What’s in a name? For the Blugold bird mascot, a lot.
Naming the Blugold bird is one of the final steps as the Student Senate Mascot Committee nears the end of its mascot-related planning and decision-making.
Aside from choosing a name, Student Senate Vice President Patrick Martin said the mascot
costume needs to be created and stored, the code of conduct for the mascot needs to be finalized, and the students inside the costume need to be selected and trained.
Martin estimates these final steps will be wrapped up around the end of this semester and the Blugold mascot will finally grace campus early next semester.
“We’re just about to the finish line with it, then we’ll hopefully have him out on the fields and across campus getting kids riled up,” Martin said.
The process has been a long one, and one that Martin said has been talked about since the university’s founding. But the idea of a Blugold mascot resurfaced energetically in 2007, when now-senior Casey Driscoll took initiative on his own with “Momentum Mondays.”
Driscoll, dressed in a Blugold costume he designed and created himself, stood at the base of Garfield Avenue hill and high-fived students living in the dorms as they descended the hill for their Monday morning classes.
Driscoll said he was active as the Blugold bird for most of 2007 and 2008. Back then, the bird did have a name, of Driscoll’s own creation: Chipp E. Wa. “His middle name was Excellence,” Driscoll said.
“It was a creative outlet for me,” Driscoll said of his mascot undertaking. “A few friends dared me that it couldn’t be done, and I just thought there was no good reason why we didn’t have one, so I wanted to make one.
“At first it was just about having fun, to be creative and raise school spirit, but then things started to get more real. People started writing legislation, they wanted a real bird, they wanted to look into it,” Driscoll said.
Driscoll said he has officially retired from being the unofficial mascot and is letting Student Senate take over the project.
“His version was there at the bottom of the hill getting freshman and the folks in the dorms out and excited,” Martin said. “And the student senate leadership (at the time) thought, ‘Boy, wouldn’t that be a cool deal to have a mascot initiative be on the forefront of what we’re doing?’ It has been tried time and time again back to the university founding, and it seemed like the environment was right to get that finally through.”
Last year’s Student Senate leaders, Phil Rynish and Mark Morgan, assembled the Mascot Committee. The process began first with voting on what a Blugold is, then what it looks like, and now what its name will be.
Martin and the Mascot Committee released a campus-wide call for submission emails last Wednesday, with entries due Monday. After receiving about 200 suggestions, Martin pared down the list to eliminate repeated names. Then the committee narrowed it down to the five names on which students will vote.
“(The list) unfortunately does not include some of the more funny and bizarre suggestions like Bill Cosby and various Pokémon names,” Martin said, “But we appreciated those submissions just the same.”

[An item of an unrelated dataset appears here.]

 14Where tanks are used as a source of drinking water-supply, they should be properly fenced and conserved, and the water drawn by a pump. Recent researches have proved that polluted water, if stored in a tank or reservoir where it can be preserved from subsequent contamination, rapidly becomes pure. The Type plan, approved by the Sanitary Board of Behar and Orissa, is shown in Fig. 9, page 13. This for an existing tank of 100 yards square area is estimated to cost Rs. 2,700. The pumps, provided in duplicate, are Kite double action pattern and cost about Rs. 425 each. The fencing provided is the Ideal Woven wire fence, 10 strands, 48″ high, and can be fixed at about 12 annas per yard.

An email with the five names to choose from will be sent out to the student body early next week, Martin said. The committee hopes to have the name finalized by the end of next week.
But it’s not over yet. After the name is decided, Martin said there’s a little more “nitty gritty” to be taken care of.

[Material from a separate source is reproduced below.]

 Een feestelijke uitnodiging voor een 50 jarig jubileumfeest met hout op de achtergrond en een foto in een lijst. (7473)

“At this point, we’re finalizing the actual costume selection, finalizing the code of conduct, and setting up the back end of it, (such as) where the mascot is going to be housed, what the code of conduct is going to be like, and who is going to train the mascot, who is going to teach the mascot to do the stunts,” Martin said.
Martin said University Centers has agreed to find a space to hold the mascot costume while not in use. The Mascot Committee is also doing research into other school’s mascot code of conduct, aiming to pick the best components of each to create the Blugold bird’s code of conduct.
“(The) mascot committee is doing research to find out exactly what standards they’re holding their mascots to,” Martin said. “For example, down at UW-Madison, Bucky Badger is able to go out to parties and can be out in the community. Other universities are a lot more restrictive with the types of events they want their mascot to be attending.”
Early next semester, the mascot will be used as the official student mascot of UW-Eau Claire. However, it will not be officially sponsored or supported by the university.
“As of right now, the mascot is going to officially be the student mascot,” Martin said. “The alumni voiced that they didn’t feel a mascot was necessary, and the administration didn’t want to actively partner on making it a university-wide mascot, especially since the alumni had voiced opposition, so at this point it’s going to be primarily student driven.”
Martin said future years may reshape that definition.
“In the coming years, as we have students coming in and having their whole college experience be with the mascot, we’ll kind of see what happens,” he said. “For the next few years it’s going to be the student mascot and it’s going to be out there getting students excited.”